Awards and highlights
- First-team All-American (1996); 2× All-WAC (1995, 1996); Second-team All-WAC (1994); WAC "Freshman of the Year" (1993);

Career NFL statistics
- Games played: 7
- Stats at Pro Football Reference

Career Arena League statistics
- Tackles: 9
- Passes defended: 1
- Fumble recoveries: 1
- Stats at ArenaFan.com

= Steve Scifres =

American football player (born 1972)

Steven William Scifres (born January 22, 1972) is an American former professional football player who was an offensive lineman in the National Football League (NFL) for the Dallas Cowboys, Carolina Panthers, Miami Dolphins and New Orleans Saints. He played college football at the University of Wyoming.

==Early life==
Scifres attended Mitchell High School and the Air Force Academy Prep School. In 1989, he was named the area's "Player of the Year" as a two-way tackle. He also practiced wrestling.

From 1990 to 1991, he studied at the United States Air Force Academy Preparatory School. He accepted a football scholarship from the University of Wyoming, where he became one of the greatest offensive linemen in school history. Playing in high scoring passing offenses, he only allowed four sacks (2 as a freshman) during his college career.

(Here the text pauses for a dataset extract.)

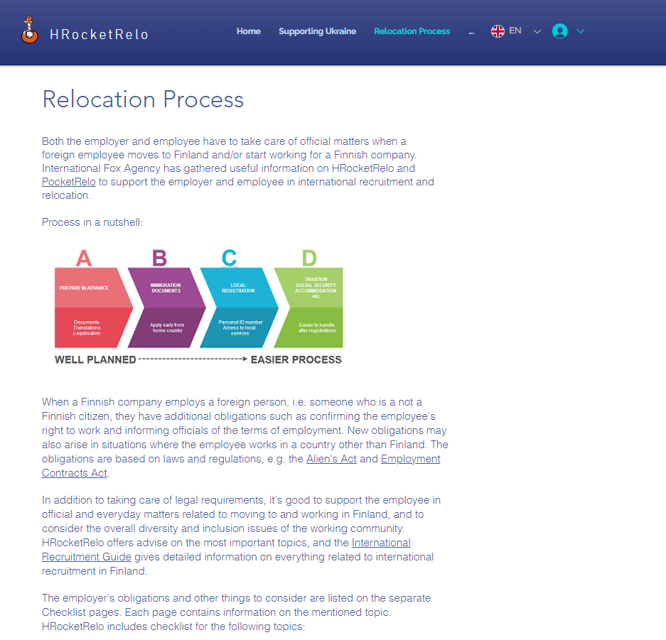 When hiring a new foreign employee, both the employer and the employee must take into account a few things related to the start of the employment relationship, immigration, and relocation, for instance. International Fox Agency has compiled useful information to support employers and employees in the digital HRocketRelo and PocketRelo services.

As a redshirt freshman, he started 12 games at left guard on a team that had an 8-4 record and won the WAC title, while receiving "Freshman of the Year" honors. The next year he was switched to right tackle, where he would remain in the following years.

He started every game of his college career (47), was voted two times to the first team All-WAC team, was a semifinalist for the Outland Trophy and a second-team All-American in 1996. He was inducted into the Wyoming Athletics Hall of Fame in 2008.

==Professional career==

===Dallas Cowboys (first stint)===
Scifres was selected in the third round (83rd overall) of the 1997 NFL draft by the Dallas Cowboys. At 25 years old, he was expected to be more polished than most rookies, but he struggled in pass protection. His progress was also slowed in training camp, by the fact that he was being used at all three offensive line positions. He was released on September 1, 1998.

===Carolina Panthers===
On October, 2, 1998, he signed with the Carolina Panthers. On November 5, he was waived to make room for linebacker Ernest Jones.

===Miami Dolphins===
On November, 25, 1998, he signed with the Miami Dolphins. He was released on December 15.

===New Orleans Saints===
On February 24, 1999, he signed with the New Orleans Saints, and was assigned to the Frankfurt Galaxy of the NFL Europe, where as a starter he was part of the league's championship team. He was cut by the Saints on September 5. He was added to the practice squad on November 11. He was released on November 23.

===St. Louis Rams===
On April 18, 2000, he was signed as a free agent by the St. Louis Rams. He was assigned to the Scottish Claymores of the NFL Europe, as an injury replacement with five games remaining in the season. He became a starter and helped the team reach the 2000 World Bowl. He was released by the Rams on May 4.

===Dallas Cowboys (second stint)===
On August 1, 2000, he signed with the Dallas Cowboys, but was released before the season started on August 21.

===San Francisco Demons===
In 2001, he signed with the San Francisco Demons of the XFL. He was a starter until the league folded at the end of its debut season.

===Arena Football League===
From 2001 to 2005, he played for five different AFL teams, that included the Arizona Rattlers, Indiana Firebirds, Buffalo Destroyers, Las Vegas Gladiators and New York Dragons.